Ericsson’s holistic security approach depicted in Figure 2 is founded on the Ericsson trust stack and designed to address and manage security challenges effectively. The four layers in Ericsson’s trust stack have been adapted to secure AI/ML components within mobile telecommunication networks. This adaptation incorporates findings and recommendations from academic research, industry insights, and cybersecurity authorities’ knowledge about AI/ML risks and mitigations, as detailed in guidelines from respected bodies like the NCSC and CISA.

AI/ML threat mitigation in mobile telecommunication networks

Figure 2: Holistic security approach based on Ericsson trust stack to secure AI/ML components

Security policy recommendations to policymakers

As AI/ML technologies become integral to mobile telecommunication systems, the complexity of cyber-attacks and defenses is expected to rise. Security measures must be flexible, adaptive, and scalable as AI/ML models grow in complexity and data volume. Important activities include:

  • Developing standardized secure protocols and frameworks for AI/ML.
  • Collaborative efforts in academia, industry, and standards organizations to address AI/ML's unique security challenges, such as standardized risk management, security assurance, and governance tools, processes, and methodologies.
  • Open-source projects, tools, and shared research that contribute significantly to advancing AI/ML security.

Mobile networks, as part of national infrastructures, are already subject to comprehensive regulations for security and privacy, which consequently will also influence the security requirements of AI/ML components used in mobile telecommunication networks. In addition, upcoming AI/ML-specific regulations will set requirements that will ensure the security of mobile telecommunication networks. The primary policy goal should be to continue to safeguard users of mobile networks, ensuring that AI/ML components used in networks align with security and privacy standards and requirements.

Furthermore, policymakers should enable the industry to maximize benefits from AI/ML, including in the security domain, but do so in ways that do not slow innovation through over-regulating while avoiding compromising targeted security and resilience objectives.
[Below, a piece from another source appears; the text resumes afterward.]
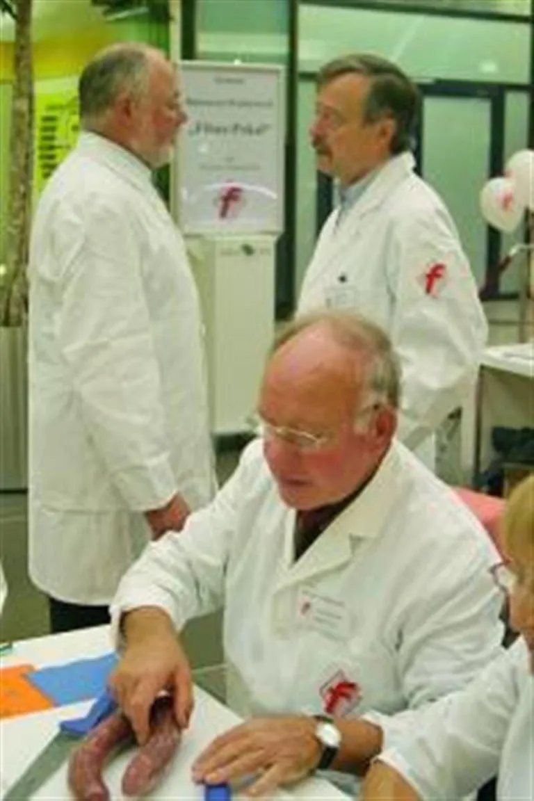 Mitten in der Innenstadt von Köln, im Foyer des Dumont-Karrees, fand die diesjährige Prüfung im Rahmen des Blutwurstwettbewerbs statt. Statt hinter verschlossenen Türen zu agieren, trat die Innung Köln mit der Beurteilung der über 250 eingereichten Blutwurstproben bewusst an die Öffentlichkeit. Geschäftsführer Artur Tybussek: „Jeder soll wissen, dass wir im Handwerk nichts zu verbergen haben.“ Umrahmt von den Kölner Fleischersängern machte die Innung ein publikumswirksames Event daraus. Auch DFV-Präsident Manfred Rycken zeigte sich begeistert von der Art und Weise, wie die diesjährige Prüfung inszeniert wurde. Schirmherr des Wettbewerbs war der Präsident der Handwerkskammer zu Köln, Franz-Josef Knieps. Die Königskategorie „Spitzenqualität“ gewann Karl-Heinz Esser aus Erkelenz-Lövenich, der Pokal für die „mittlere Qualitätsstufe“ ging an die „Nettesheimer Rotwurst“ der Metzgerei Josef Telmes aus Rommerskirchen und erneuter Sieger in der Kategorie „einfache Blutwurst“ wurde Elmar Diedrich (Metzgerei Brandt, Leichlingen).Rainer Heck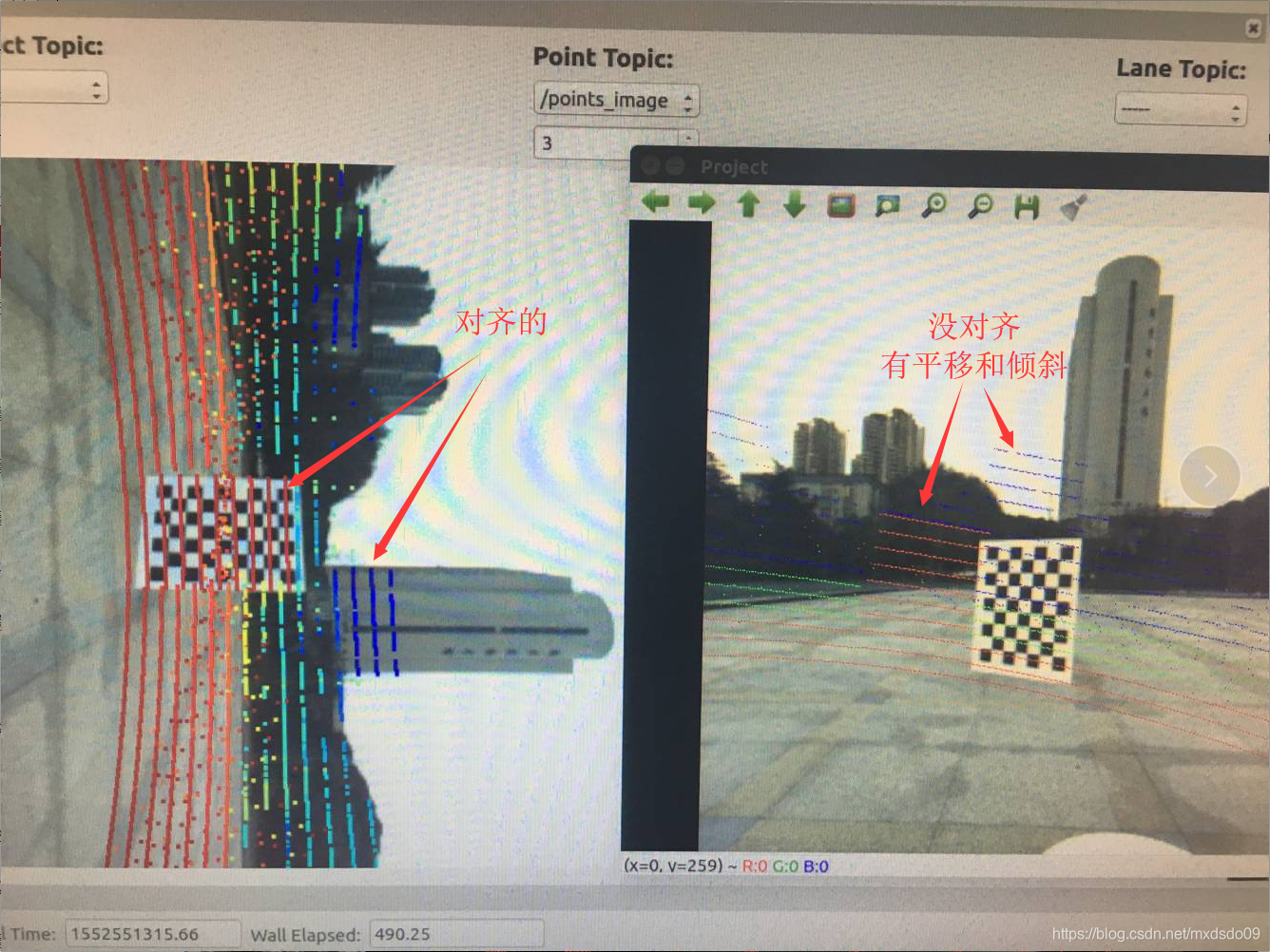 内参和外参采用的就是autoware标定的结果,结果点云投影到图像上是斜的,感觉就是外参不匹配的缘故,困扰了好几天

This can be achieved by considering the following recommended cybersecurity policy actions:

  • Stimulate research on AI/ML to enhance threat detection.
  • Engage with industry to share understanding of telecom-specific threat landscape, focusing on 5G evolution and future 6G systems.
  • Promote awareness of structured approaches to AI/ML-specific attacks.
  • Work with industry to develop sector-specific security best practices for mitigating AI/ML-enabled traditional and novel attacks.
  • Foster broad implementation of relevant security controls.
  • Update security risk assessments in existing regulatory frameworks and include relevant AI/ML risk assessment practices, leverage NIST AI RMF.
  • Promote coordinated standardization work, while avoiding creating silos.
  • Promote AI/ML security best practices where appropriate supported by public funding of open-source projects.
  • Promote advancements in confidential computing to enable Trusted Execution Environments for virtualized AI/ML training and applications.
  • Promote privacy-enhancing technologies to protect privacy remove barriers to data sharing without violating privacy.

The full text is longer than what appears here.